The reply must consist of the lines from the first line of the records through the line containing "Unsere ehrenamtlichen Helfer:innen.", copied exactly, with every picture omitted.

Supplied material
——————————

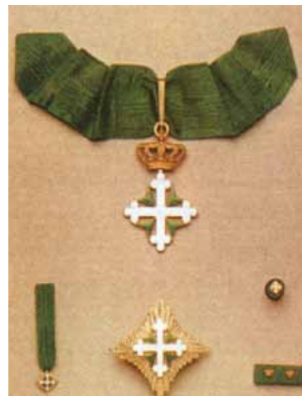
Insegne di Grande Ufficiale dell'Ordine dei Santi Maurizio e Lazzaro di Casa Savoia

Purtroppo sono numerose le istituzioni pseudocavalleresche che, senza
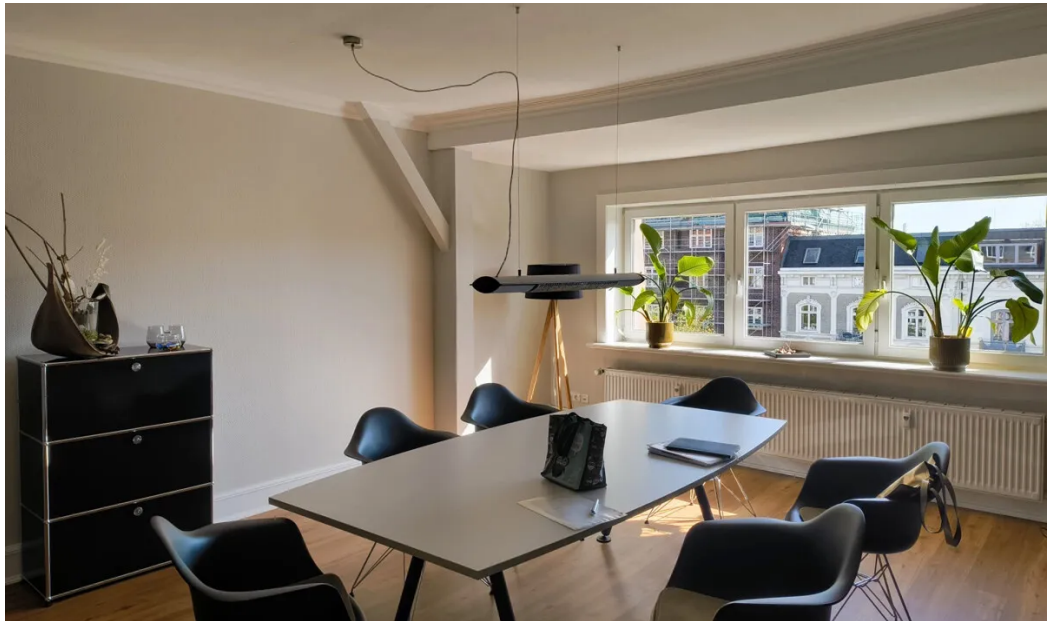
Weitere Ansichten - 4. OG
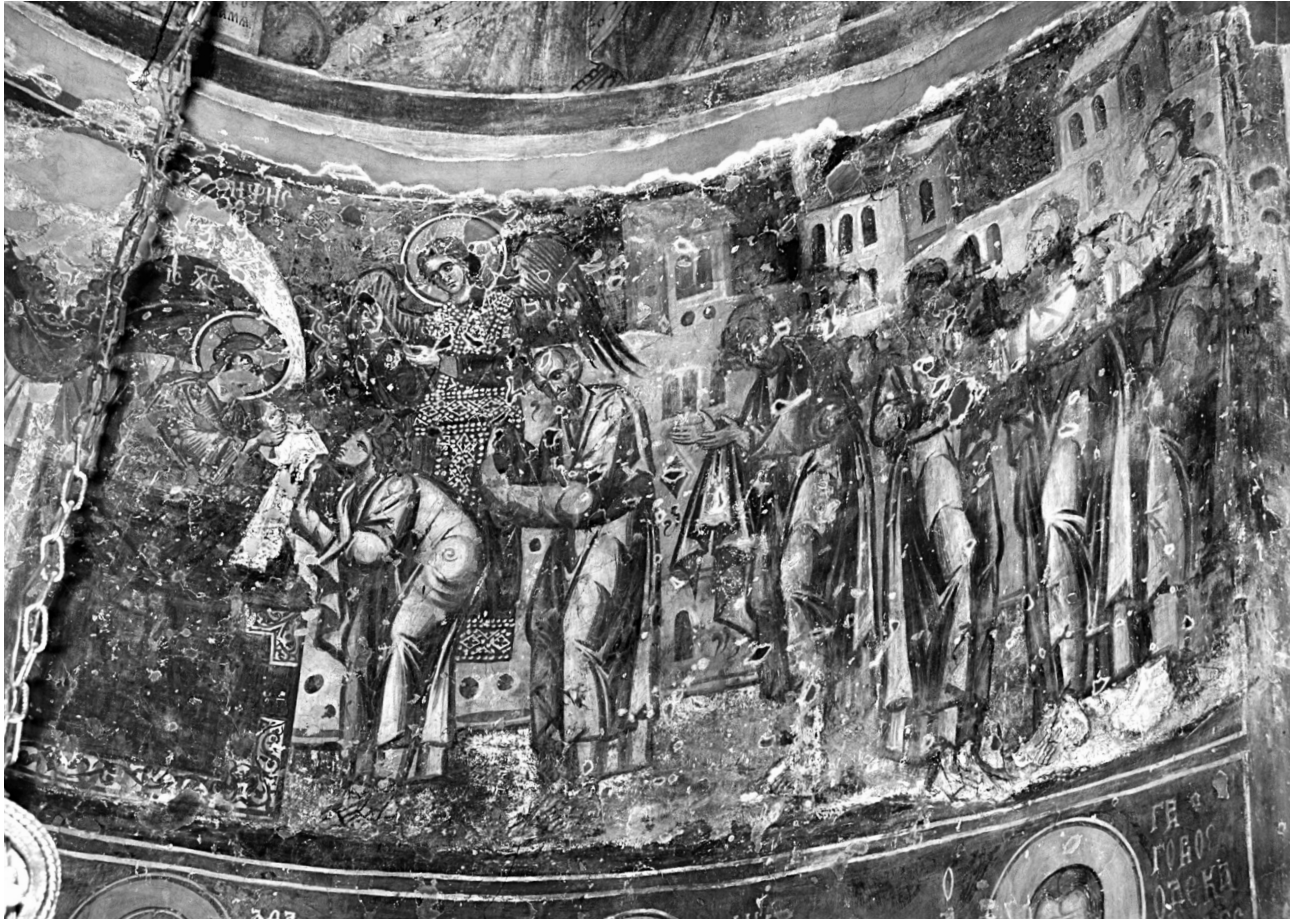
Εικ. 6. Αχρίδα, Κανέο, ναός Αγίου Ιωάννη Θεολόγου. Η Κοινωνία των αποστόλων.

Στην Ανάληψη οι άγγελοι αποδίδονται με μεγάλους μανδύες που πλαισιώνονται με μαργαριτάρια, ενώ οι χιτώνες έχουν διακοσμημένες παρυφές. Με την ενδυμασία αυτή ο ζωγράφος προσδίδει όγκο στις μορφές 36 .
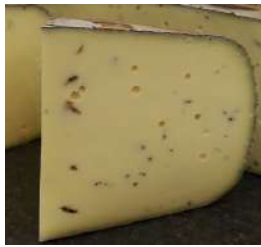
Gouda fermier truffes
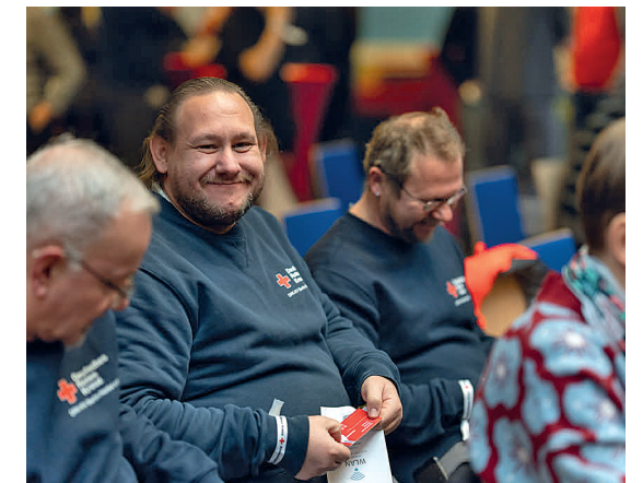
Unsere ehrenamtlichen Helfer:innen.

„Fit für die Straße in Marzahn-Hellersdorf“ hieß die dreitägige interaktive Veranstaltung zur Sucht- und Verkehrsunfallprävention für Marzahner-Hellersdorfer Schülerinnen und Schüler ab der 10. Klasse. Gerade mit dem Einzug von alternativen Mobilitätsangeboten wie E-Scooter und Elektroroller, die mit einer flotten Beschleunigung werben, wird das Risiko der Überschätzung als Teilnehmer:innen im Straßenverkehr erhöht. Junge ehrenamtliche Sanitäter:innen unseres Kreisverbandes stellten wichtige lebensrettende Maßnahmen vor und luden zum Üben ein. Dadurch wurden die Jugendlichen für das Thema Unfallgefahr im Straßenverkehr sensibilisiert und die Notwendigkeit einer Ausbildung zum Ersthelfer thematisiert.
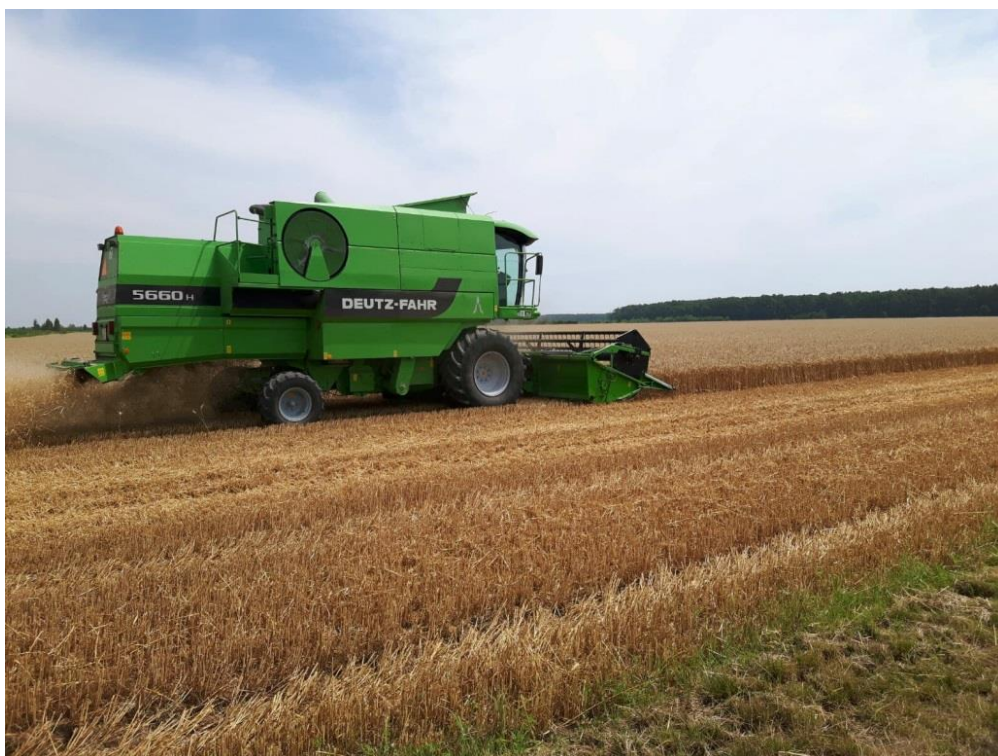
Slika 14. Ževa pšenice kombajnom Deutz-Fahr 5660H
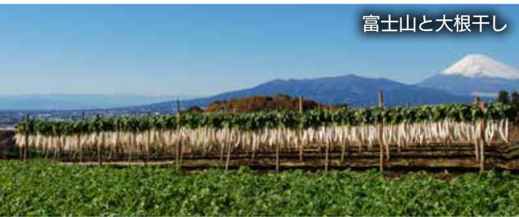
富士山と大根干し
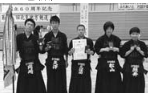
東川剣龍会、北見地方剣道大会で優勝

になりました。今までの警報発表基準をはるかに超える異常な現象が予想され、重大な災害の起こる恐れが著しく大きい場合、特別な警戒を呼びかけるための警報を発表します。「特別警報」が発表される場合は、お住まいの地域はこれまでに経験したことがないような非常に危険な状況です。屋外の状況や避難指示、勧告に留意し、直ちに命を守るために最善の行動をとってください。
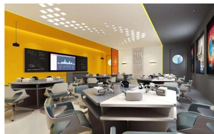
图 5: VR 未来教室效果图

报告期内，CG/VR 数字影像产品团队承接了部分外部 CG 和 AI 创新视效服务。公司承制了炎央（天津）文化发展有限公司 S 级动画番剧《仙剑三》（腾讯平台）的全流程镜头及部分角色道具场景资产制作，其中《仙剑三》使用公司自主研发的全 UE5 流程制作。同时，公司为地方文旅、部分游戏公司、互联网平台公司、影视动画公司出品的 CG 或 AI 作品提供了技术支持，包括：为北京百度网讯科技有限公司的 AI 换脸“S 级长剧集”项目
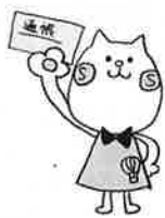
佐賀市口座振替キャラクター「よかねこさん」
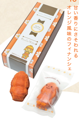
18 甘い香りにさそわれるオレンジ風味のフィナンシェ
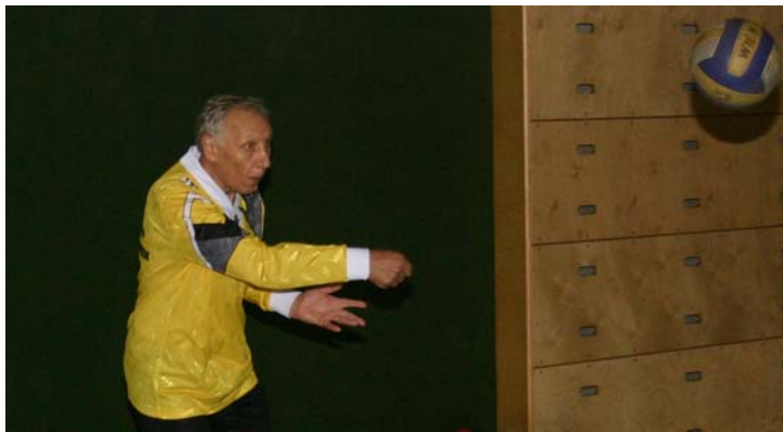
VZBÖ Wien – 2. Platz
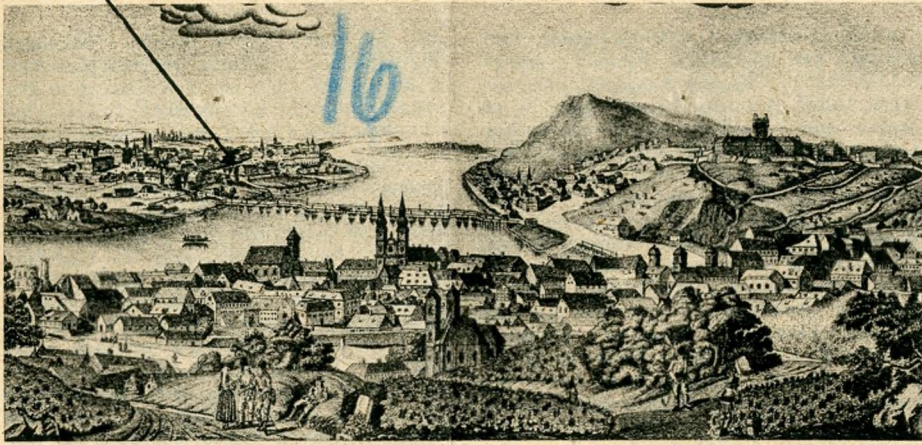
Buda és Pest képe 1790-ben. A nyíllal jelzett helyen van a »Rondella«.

——————————

Problem solution
Insegne di Grande Ufficiale dell'Ordine dei Santi Maurizio e Lazzaro di Casa Savoia

Purtroppo sono numerose le istituzioni pseudocavalleresche che, senza
Weitere Ansichten - 4. OG
Εικ. 6. Αχρίδα, Κανέο, ναός Αγίου Ιωάννη Θεολόγου. Η Κοινωνία των αποστόλων.

Στην Ανάληψη οι άγγελοι αποδίδονται με μεγάλους μανδύες που πλαισιώνονται με μαργαριτάρια, ενώ οι χιτώνες έχουν διακοσμημένες παρυφές. Με την ενδυμασία αυτή ο ζωγράφος προσδίδει όγκο στις μορφές 36 .
Gouda fermier truffes
Unsere ehrenamtlichen Helfer:innen.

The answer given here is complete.